A lawsuit filed by horse ranchers against a Colorado cannabis grow is going to trial today and could yield important repercussions for cannabis businesses throughout the U.S., Westword reports.
The lawsuit, which aims to use the federal Racketeer Influenced and Corrupt Organizations Act against state-legal cannabis businesses, was filed on behalf of horse ranchers Phillis Windy Hope Reilly and Michael P. Reilly against cannabis cultivator Rocky Mountain Organics by Safe Streets Alliance, a national anti-cannabis organization.
If successful, the suit could send a chillingly blunt message to the cannabis community while galvanizing its opponents into further action.

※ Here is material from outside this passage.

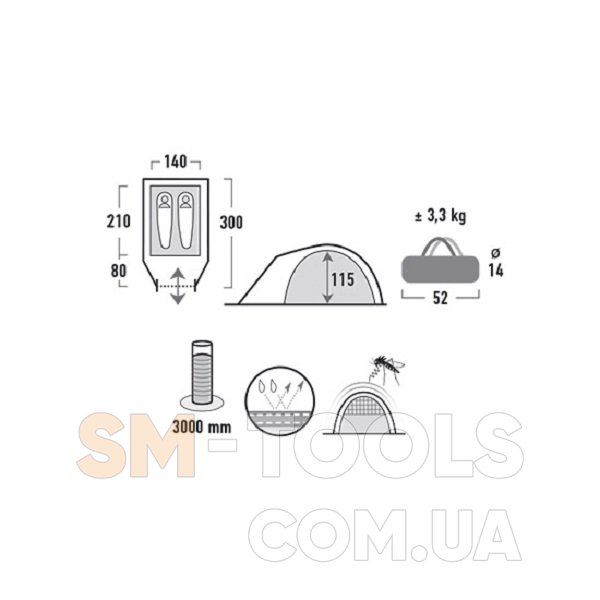 Вес палатки: 3.3 кг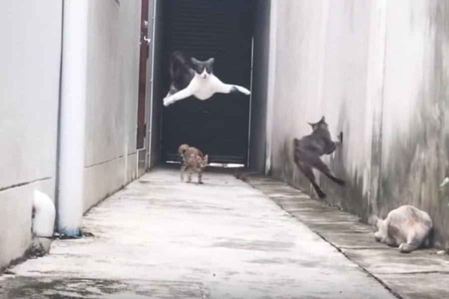Μια εκπληκτική γάτα, μια θεά καλύτερα, μας δείχνει στο παρακάτω βίντεο το ταλέντο της στο παρκούρ, ξεφεύγοντας από «ενέδρα συμμορίας» τριών άλλων γατών.

The suit lays out the following arguments:
- “Growing recreational marijuana is ‘noxious, annoying or offensive activity’ [sic] by virtually any definition because marijuana plants are highly odorous, and their offense smell [sic] travels long distances.”
- The Rocky Mountain Organics grow site is also a high-risk target for theft and could lead to a local hike in crime.
- The sight of an under-construction building was an eye-sore that “exacerbates the injury, for when the Reillys and their children visit the property, they are reminded of the racketeering enterprise next door every time they look to the west.”
Note: the plaintiffs do not live on the property in question, they just like to hike and ride horses there.
The lawsuit was first filed in 2015 but was dismissed by a federal district court and the Rocky Mountain Organics grow site officially launched in 2016. The 10th U.S. Circuit Court of Appeals, however, reopened the case in June 2017.